Here are some ways to defend against data poisoning.

Network Protection

Taking proactive cybersecurity measures to protect the company network is critical for data poisoning defense. For example, installing and maintaining firewalls and antivirus software, and using multifactor authentication (MFA), also known as two-factor authentication (2FA), are some useful network protection methods.

Endpoint Security

Many modern companies heavily rely on mobile devices to conduct business. Often, mobile devices lack strong security measures to protect end-users. Endpoint security solutions for ML models or Internet of Things (IoT) sensors can bolster protection against data poisoning.

Access Controls

Aside from cybersecurity measures, access control is a physical security measure worth taking. In other words, companies working with ML should only grant access to a data center or server room to specific employees working on ML projects. There is no reason employees from other departments should access ML tools, so implement access controls with keycards or PINs.

ML User Training

Any employee working on an ML project should undergo thorough training. A comprehensive ML training program should:

  • Stress the importance of ensuring data security.
  • Highlight why the quality of ML data must be maintained.
  • Explain how employee actions could sway ML outcomes.
  • Describe the best cybersecurity practices.
  • Teach employees how to identify data poisoning or other attacks, such as phishing or ransomware.
  • Encourage employees to use a strong password management solution.

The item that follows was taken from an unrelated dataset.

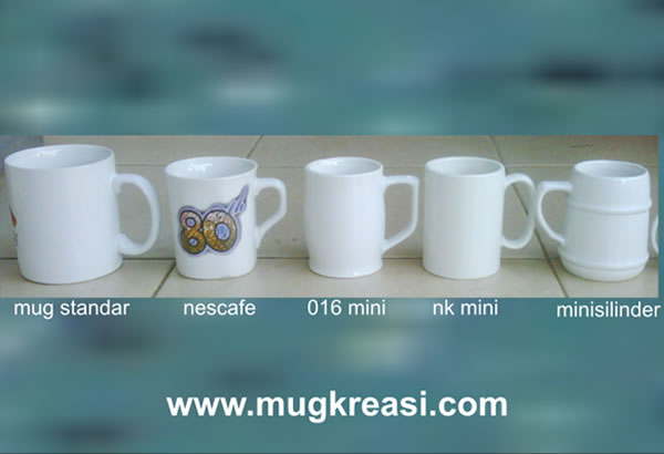 Mug Ini adalah cangkir biasa dengan ukuran jumbo yang dibuat lebih kecil, kira-kira serupa dalam ukuran cangkir Nescafe. memiliki ketinggian rata-rata 8, 5 - 9cm, diameter rata-rata 7-8 cm. beberapa mug jumbo yang kami yang sekarang kami produksi diperkecil dari ukuran biasanya antara lain gelas bir 016 mini, Nk mini dan mug silinder mini.

There’s no denying that ML and the broader field of AI is an exciting technology. It’s expected to become more widely used across industries because it can greatly benefit businesses.

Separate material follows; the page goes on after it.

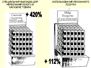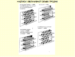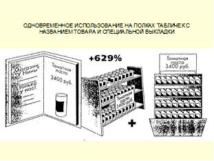 * выкладка-напоминание – создается образ товара, преобладают фотографии, картинки, рекламные призывы; могут использоваться световые и звуковые эффекты.

Ultimately, ML works best alongside human employees. Therefore, educating employees about data poisoning and how damaging it can be should help them understand the importance of maintaining a good cybersecurity posture.

Organizations Using ML Must Prioritize Data Poisoning Protection

A retail business could use ML to learn about customer purchasing decisions. A manufacturer can use ML to drive operational efficiencies in a warehouse. Health care companies can leverage ML models to predict patient outcomes and learn which treatment options will prove most successful.

With ML, the possibilities seem endless. However, for these applications to work seamlessly, preventing opportunities for malicious actors to poison data used in ML models must be prioritized.